### THE TASK
Find the line holding "The flag of" in the entries below. Give it again exactly, along with every line after it up to and including the line holding "Green Abstract Marble".
[[ SUPPLIED MATERIAL open ]]
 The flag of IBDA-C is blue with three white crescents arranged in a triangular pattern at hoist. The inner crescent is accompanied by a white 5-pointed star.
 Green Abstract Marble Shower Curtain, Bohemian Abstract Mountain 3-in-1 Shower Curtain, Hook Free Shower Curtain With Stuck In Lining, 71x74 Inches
[[ SUPPLIED MATERIAL closed ]]
[[ SUPPLIED MATERIAL open ]]
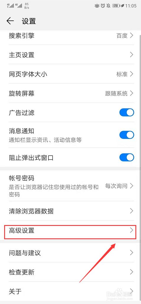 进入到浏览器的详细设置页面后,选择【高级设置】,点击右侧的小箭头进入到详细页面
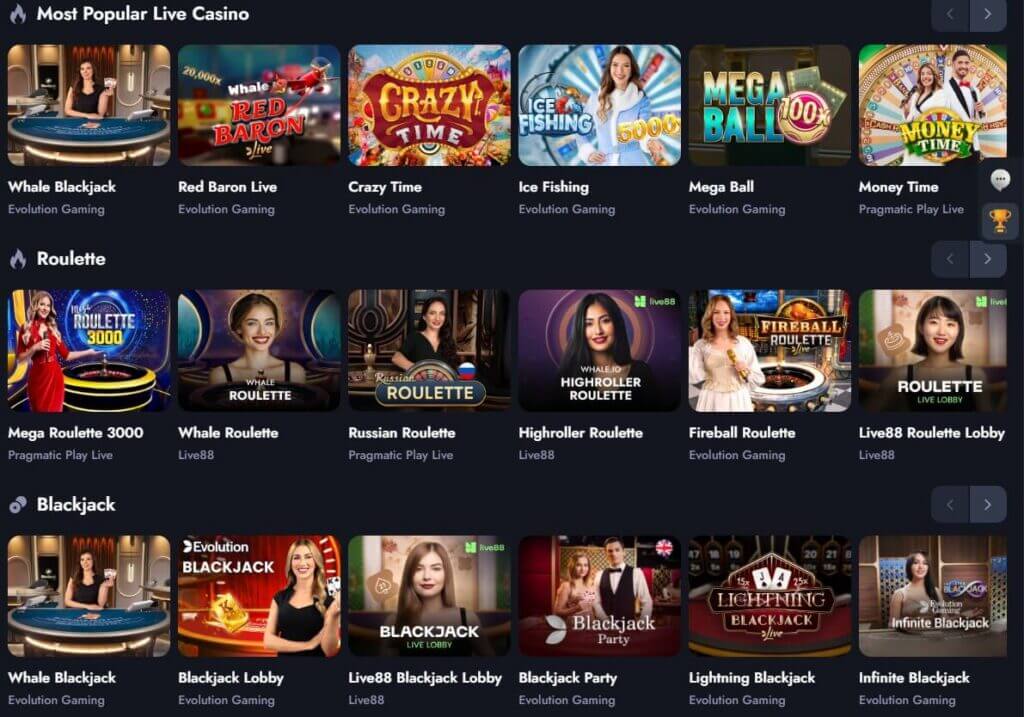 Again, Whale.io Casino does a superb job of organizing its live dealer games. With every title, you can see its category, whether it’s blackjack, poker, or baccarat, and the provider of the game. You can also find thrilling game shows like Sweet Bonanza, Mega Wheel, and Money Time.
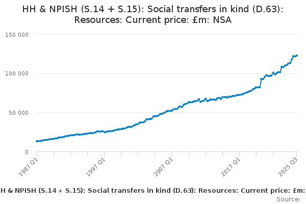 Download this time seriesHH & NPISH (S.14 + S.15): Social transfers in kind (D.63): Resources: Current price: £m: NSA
[[ SUPPLIED MATERIAL closed ]]
### ANSWER SPACE
 The flag of IBDA-C is blue with three white crescents arranged in a triangular pattern at hoist. The inner crescent is accompanied by a white 5-pointed star.
 Green Abstract Marble Shower Curtain, Bohemian Abstract Mountain 3-in-1 Shower Curtain, Hook Free Shower Curtain With Stuck In Lining, 71x74 Inches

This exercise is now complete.